Overview
The Tidelift VS Code integration helps you achieve a healthy open source software supply chain by monitoring your dependencies for issues like vulnerabilities, packages that are end-of-life, releases that have been removed upstream, and more. As a developer you can see issues in your project before you push code, saving you from tedious changes later in your build process.
This feature is in beta, and currently soliciting developer experience feedback.
Supported ecosystems
Tidelift maintains a list of supported ecosystems here. Currently, the VS Code integration has full support for NPM and Maven. Features such as automatic alignments and package manifest hover diagnostics are not yet supported for other ecosystems.
Key features
- Continuous scanning: Tidelift will monitor and evaluate your project dependencies against the standards set by your organization.
- Timely notifications: If a dependency change introduces new standards violations to your project, Tidelift will let you know so that you can avoid taking on new tech and security debt.
- Helpful categorization: Want to identify and fix certain types of violations like vulnerabilities or end-of-life packages first?

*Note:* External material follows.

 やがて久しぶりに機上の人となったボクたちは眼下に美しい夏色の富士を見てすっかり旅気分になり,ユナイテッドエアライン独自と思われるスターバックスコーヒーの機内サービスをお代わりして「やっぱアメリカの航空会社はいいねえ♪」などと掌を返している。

The tree view groups information in multiple ways so that you can use the it in a way that’s most helpful to you.
The example above shows expanded details about a deprecated package, path-is-absolute 2.0.0, from the full Tidelift alignment report.

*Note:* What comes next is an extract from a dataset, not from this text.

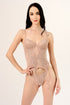 Nuestro corset, adornado con un diseño cautivador en transparencia y encaje, realza tus curvas con gracia y sensualidad. Las copas con varilla proporcionan un soporte perfecto, mientras que la tira en la cintura añade un toque de coquetería irresistible. Además, los ligueros incorporados te permiten completar tu look con medias sensuales para una apariencia aún más seductora. La tanga, con delicadas tiras a los costados, completa este conjunto con un toque de provocación sutil. Vive tus fantasías más ardientes con nuestra colección de lencería, donde el lujo y la sensualidad se fusionan en cada detalle.

This view shows diagnostic information directly inside package.json, the manifest file for most Javascript projects.
Usage
The Tidelift integration can be accessed at any time from the activity bar. Upon initial configuration and after every dependency change, Tidelift will run an alignment. Alignment results are available through this integration, as is information about specific releases or violations.
If a dependency is introduced or a dependency changes versions and new violations are detected, the editor will notify you and allow you to view the details.
Installation
- Install the Tidelift editor integration from Azure Marketplace
- Get a user API key from the Tidelift app
- Press "CTRL+SHIFT+P" to open the command pallet and run the "Tidelift: Set Tidelift API Key" command.
Configuration
- You can configure the workspace using a ".tidelift" file in the root directory of the workspace. Read more about the .tidelift file.

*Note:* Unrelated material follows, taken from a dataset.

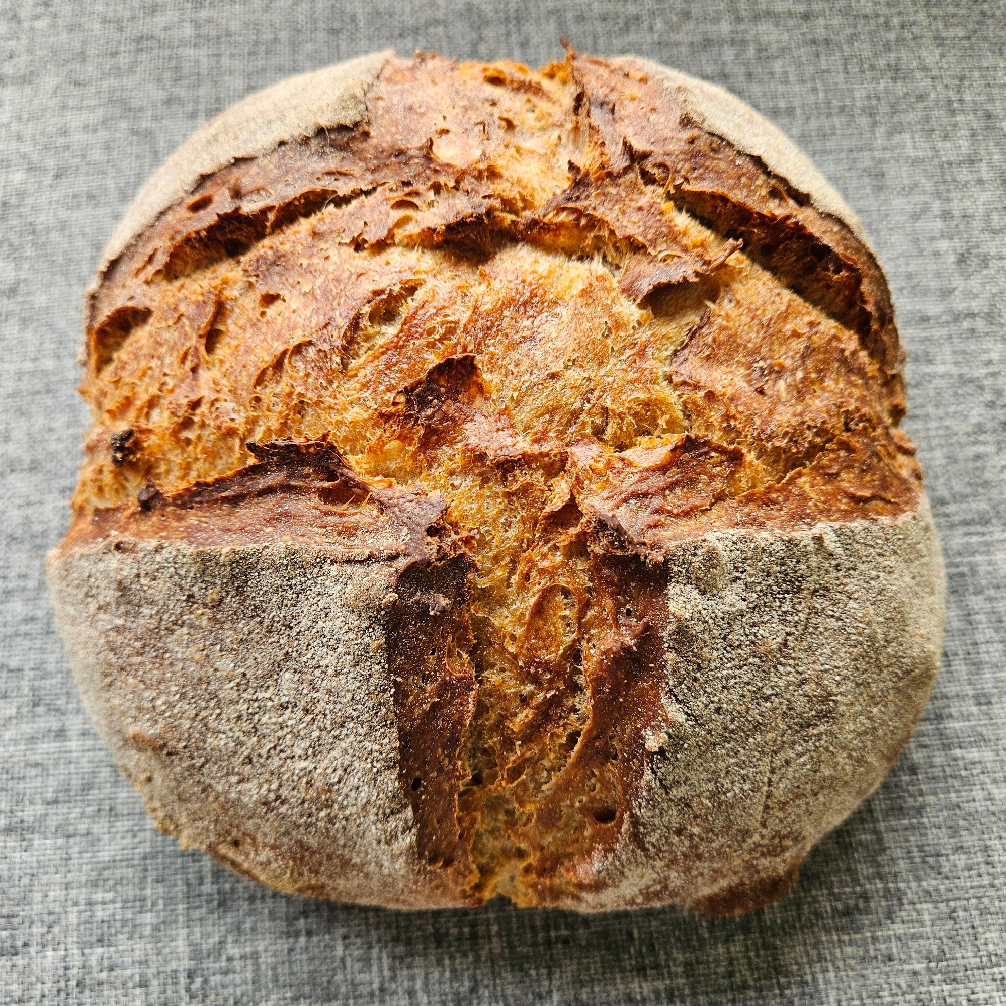 - Stürze den Teigling auf die Brotschlinge und schneide ihn mit dem Bäckermesser nach Belieben ein (z. B. ein Kreuz). Gib ihn anschließend vorsichtig in den heißen Topf. Backe das Brot 20 Minuten mit geschlossenem Deckel, dann 15–20 Minuten ohne Deckel bei reduzierter Temperatur von 220 °C fertig.

- If no such file is present, you can also set access the editor integration configuration by running "Tidelift: settings" from the command pallet.
Parameters
- Organization and Catalog are required to run generalized alignment checks against a configured Tidelift catalog.
- Project can optionally be provided to include additional details such as when releases are newly introduced to your project since its last saved alignment.
Security & Privacy
This integration is based on Tidelift CLI and uses it for all interaction with Tidelift services. It does not collect any additional user information beyond what the CLI requires.